Operations · 12 min read · June 2026

The hidden cost of
"we'll handle it in-house."

By Layla Hassan, Director of Operations

Planning documents spread across a desk

Every founder we meet can quote their payroll to the dollar. Almost none can quote the cost of the work that payroll quietly absorbs — the inbox triage, the CRM hygiene, the follow-ups that slip from Tuesday to Friday to never.

The arithmetic feels safe because it is invisible. An operations hire at market salary looks like a known quantity. But salaries are the smallest line in the true ledger: recruiting time, management overhead, coverage gaps, and — largest of all — the opportunity cost of your senior people doing junior work.

The most expensive person in your company is doing work you could hand to someone excellent for a fifth of the cost.

What an hour really costs

Take a revenue leader earning $240,000. Every hour of her week costs the company roughly $115 — before equity, before the compounding value of what she'd otherwise build. When she spends six hours a week on pipeline admin, the annual bill is thirty-six thousand dollars for work that requires none of her judgment.

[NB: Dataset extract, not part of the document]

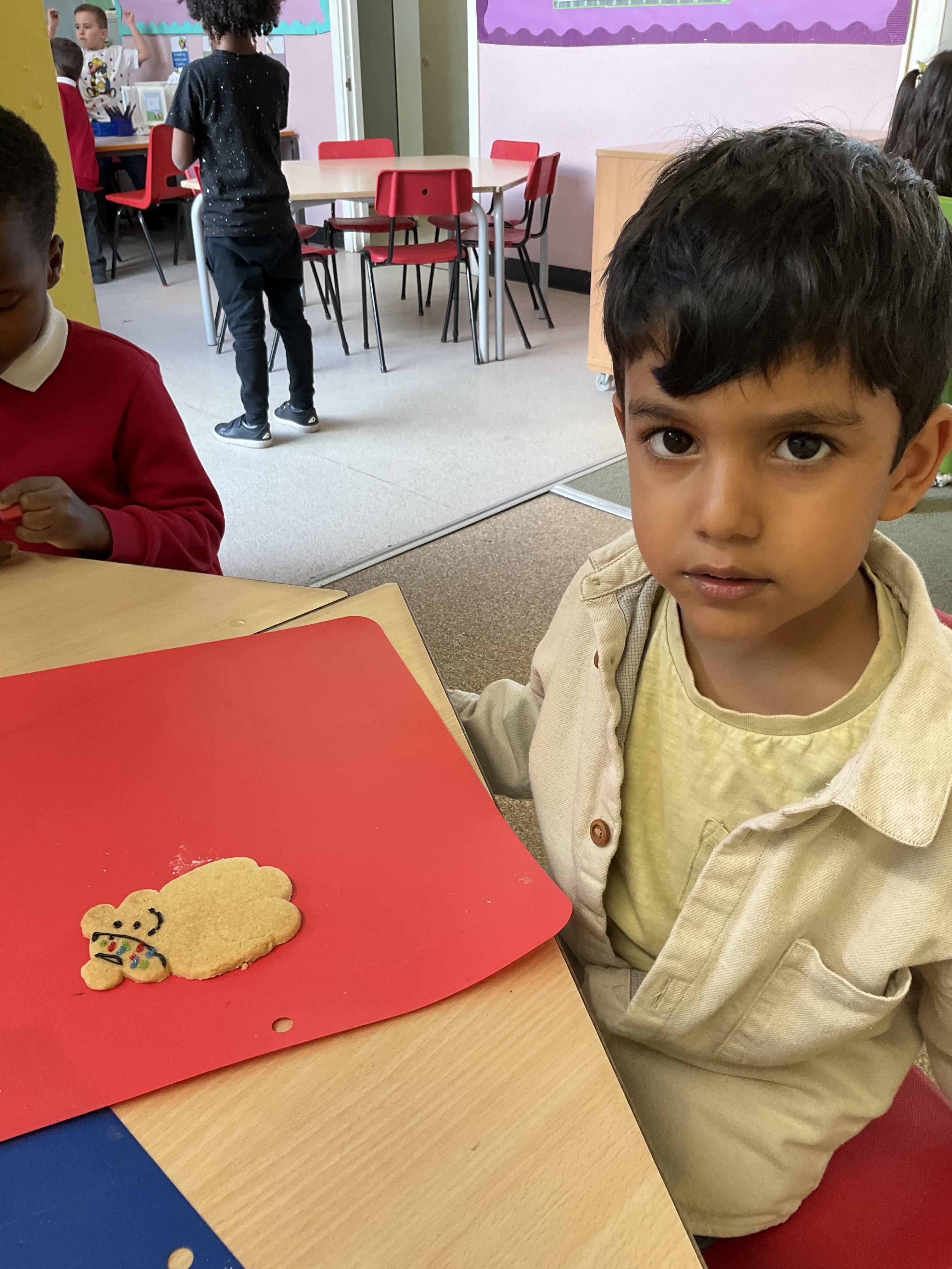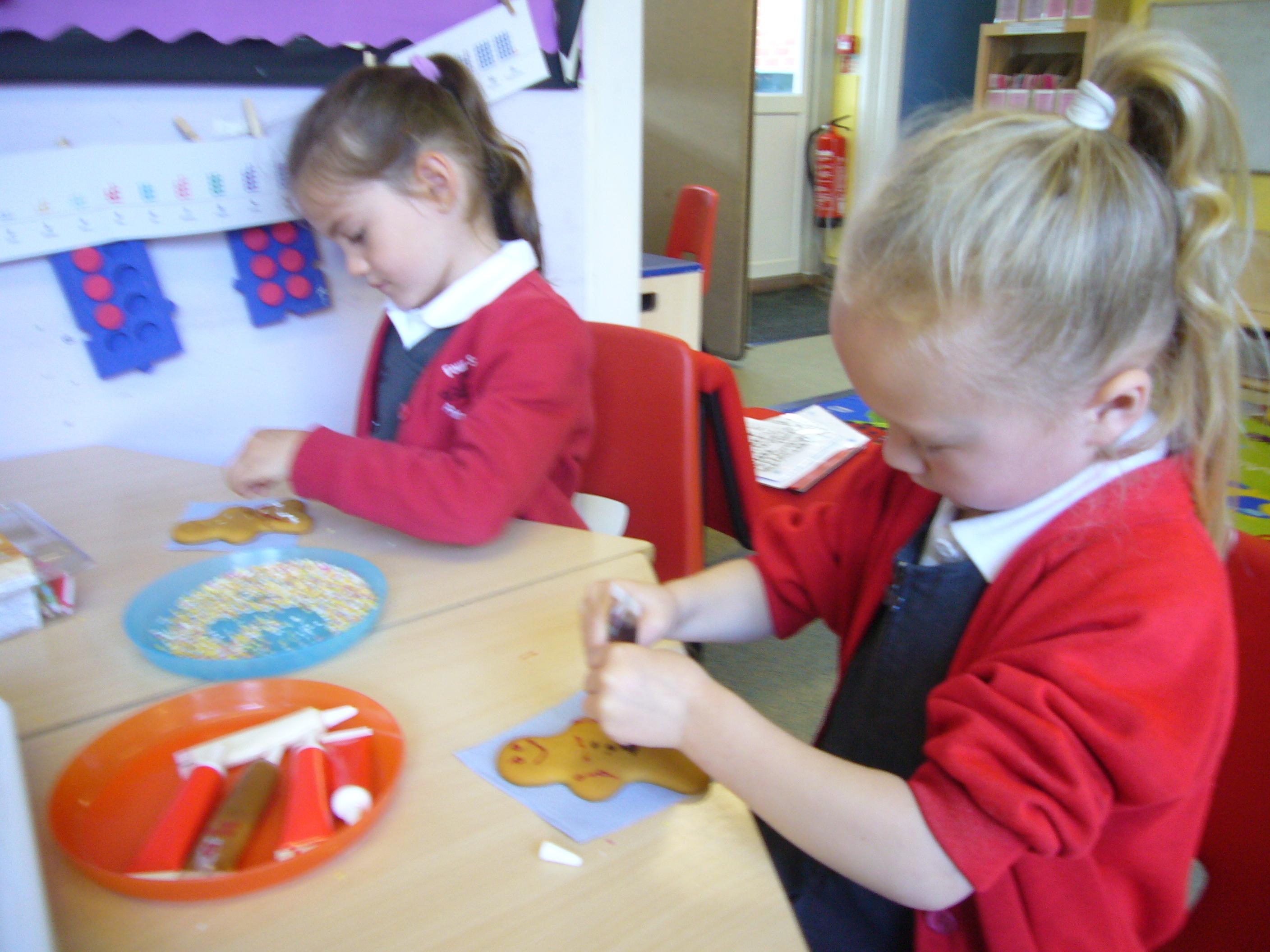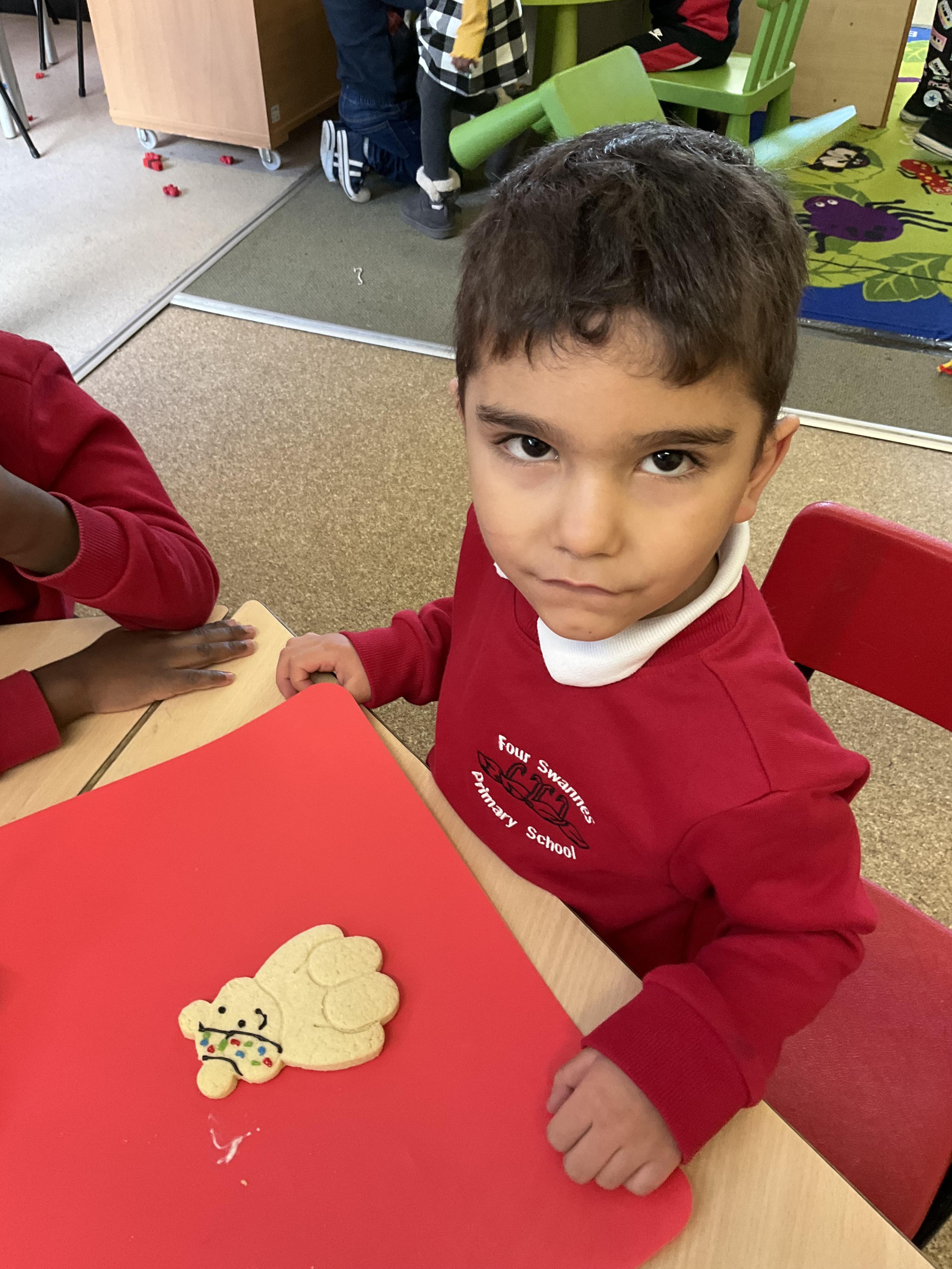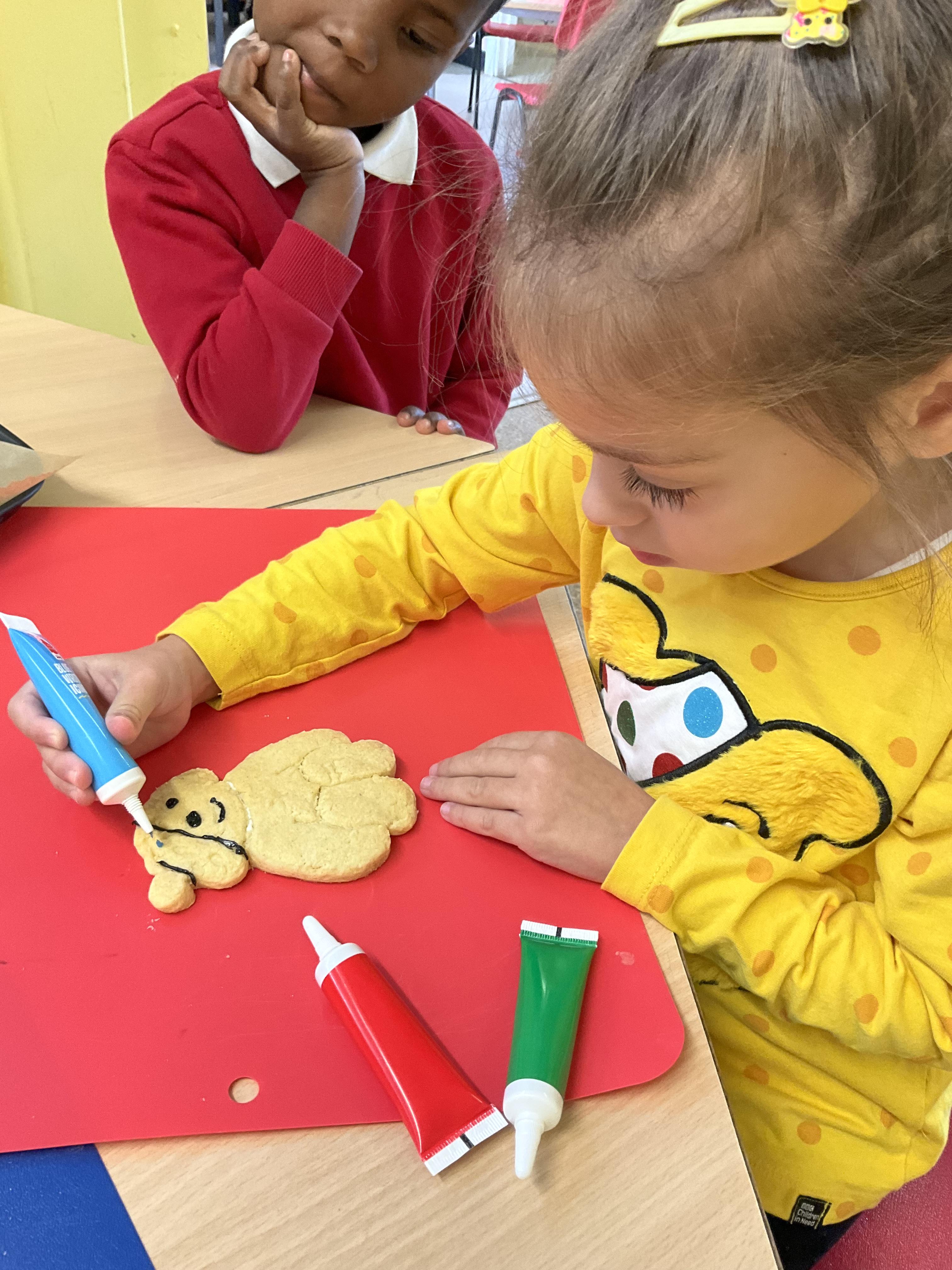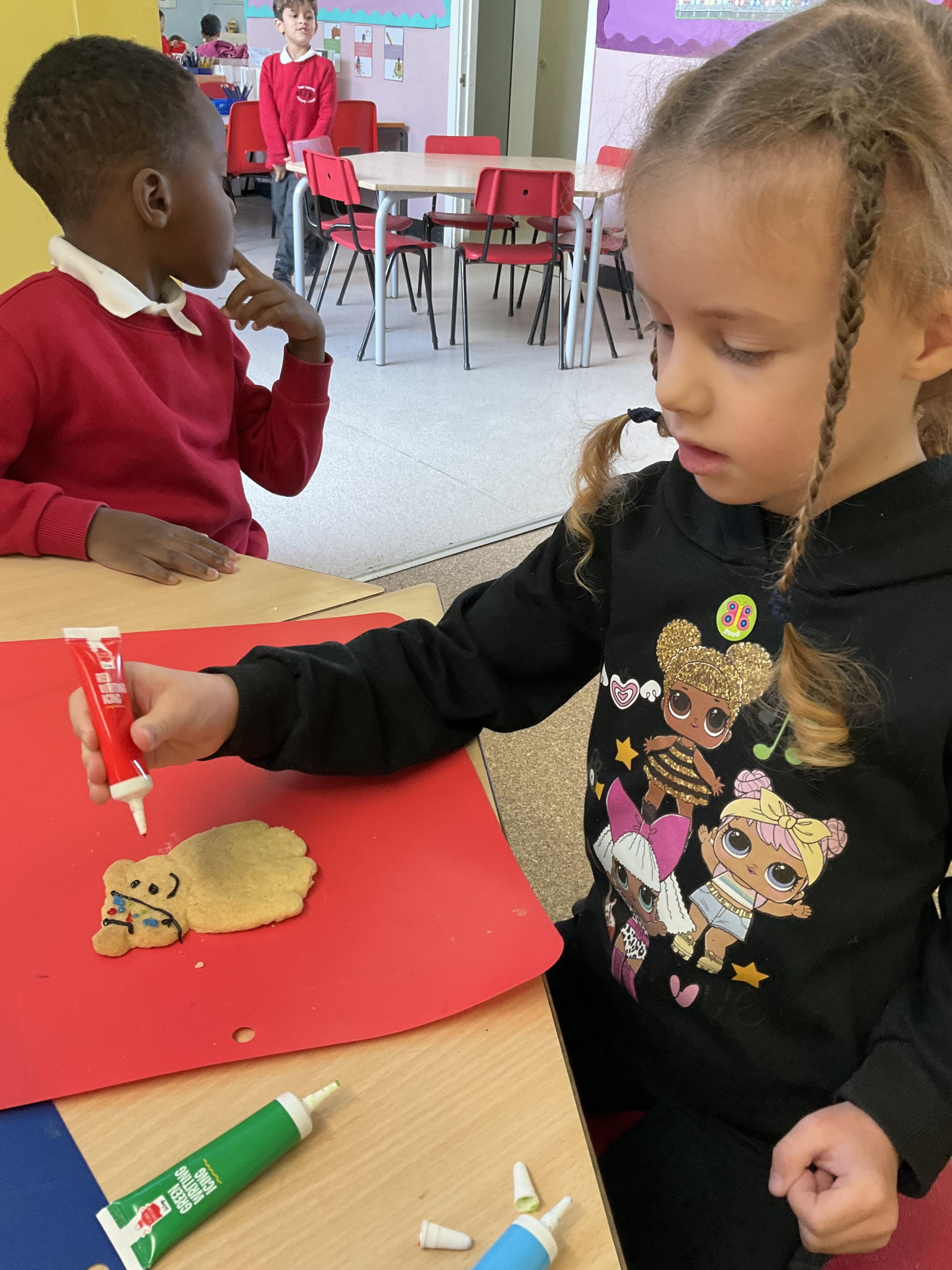 We then decorated the biscuits using icing sugar, resins and chocolate buttons. The children had to count how many eyes and buttons he had.

Multiply across a leadership team and the number stops being a rounding error. It becomes the difference between a company that scales and one that stalls — politely, gradually, in-house.

The founder's test

Here is the test we give every prospective client: list what you did yesterday. Mark each item that genuinely required you. For most executives the honest answer is under half. The rest is operations — essential, unforgiving of error, and entirely delegable to people who treat it as a craft rather than a distraction.